### Available data
· · · · ·
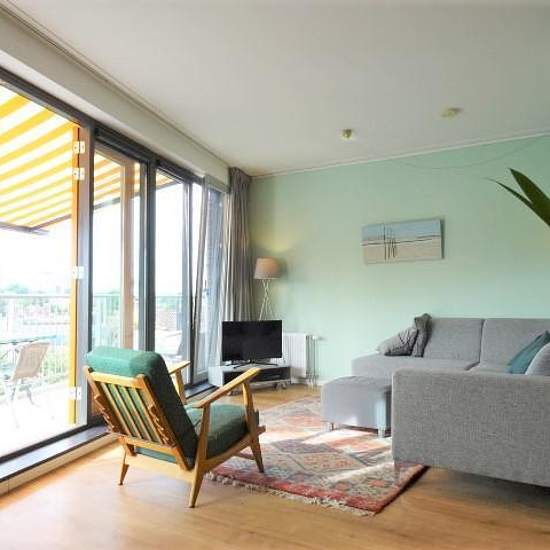 Spacious penthouse, overlooking the center of Utrecht, with a lovely, west facing balcony and the possibility to rent 2 parking spaces in the parking garage under the complex, offered for rent. The center of Utrecht is a few minutes walking distance from this property.Ground floor:Via the main entrance with intercom and mailboxes the hallway can be accessed, which provides acces to the stairs or elevator. The penthouse is located on the 4th floor, and can be reached both via the elevator and the staircase.4th floor:At the end of the gallery ...
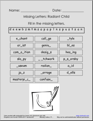 Use this ‘Vocabulary Puzzles: Radiant Child’ printable worksheet in the classroom or at home. Your students will love this ‘Vocabulary Puzzles: Radiant Child’. Enhances vocabulary for Javaka Steptoe’s 2017 Caldecott winner about a boy’s dream of becoming a famous artist. Includes ABC Sort, Missing Letter, Word Scramble, Crossword and Word Search.
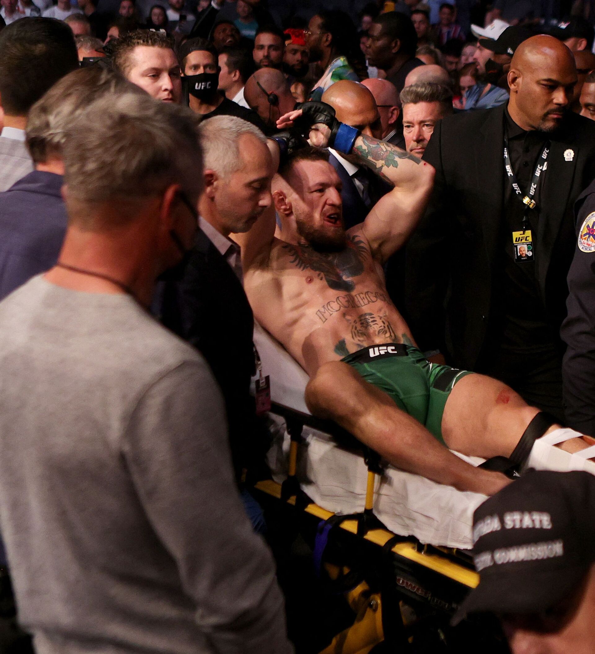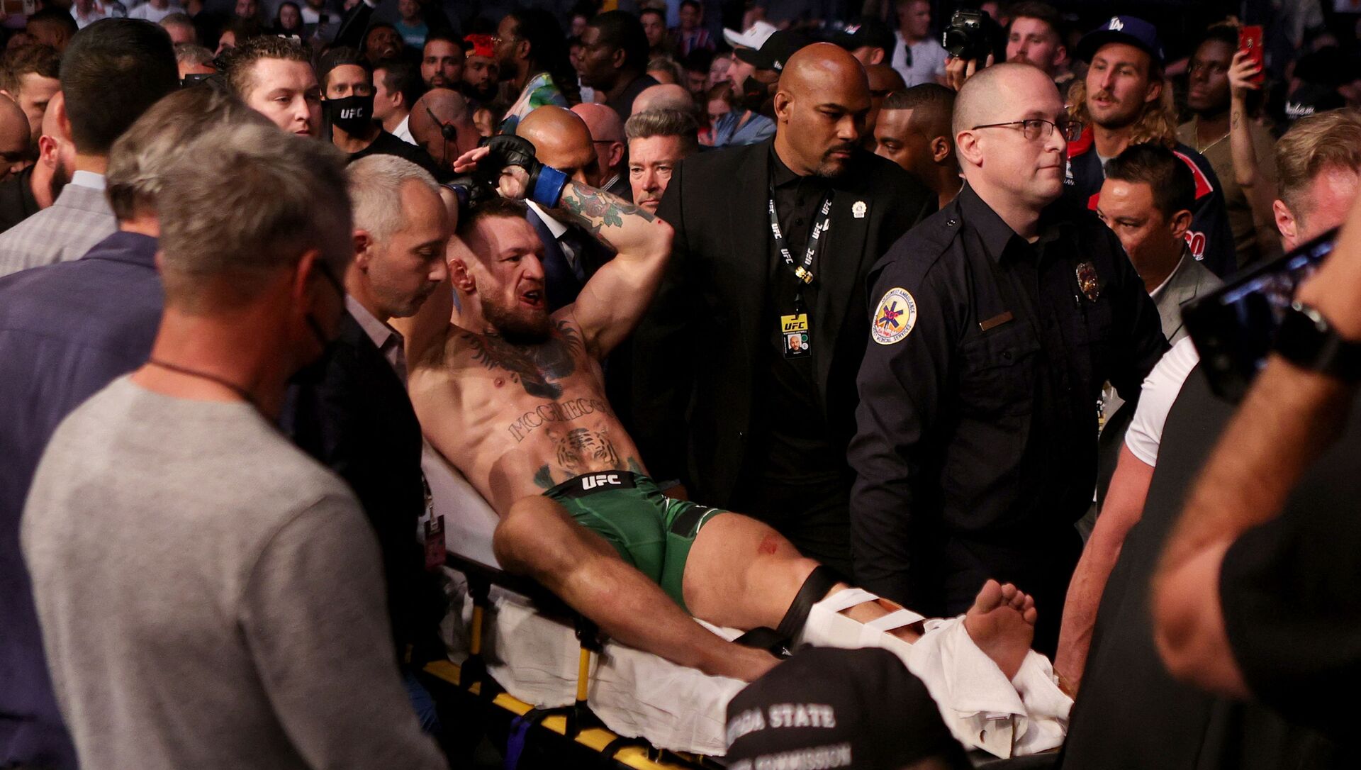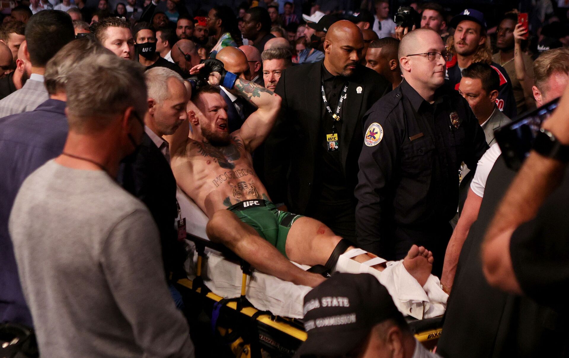 وصرح رئيس الرابطة، دانا وايت، بأنه يشعر بخيبة أمل من الطريقة التي انتهت بها المعركة الرئيسية في عرضه، متمنيا الشفاء العاجل للإيرلندي.
· · · · ·
### Aim of the task
Repeat the line that contains "Use this ‘Vocabulary" and each line after it, through the last line of the listing, exactly and alone; pictures stay out of the repeat.

### Reply to the task
 Use this ‘Vocabulary Puzzles: Radiant Child’ printable worksheet in the classroom or at home. Your students will love this ‘Vocabulary Puzzles: Radiant Child’. Enhances vocabulary for Javaka Steptoe’s 2017 Caldecott winner about a boy’s dream of becoming a famous artist. Includes ABC Sort, Missing Letter, Word Scramble, Crossword and Word Search.
 وصرح رئيس الرابطة، دانا وايت، بأنه يشعر بخيبة أمل من الطريقة التي انتهت بها المعركة الرئيسية في عرضه، متمنيا الشفاء العاجل للإيرلندي.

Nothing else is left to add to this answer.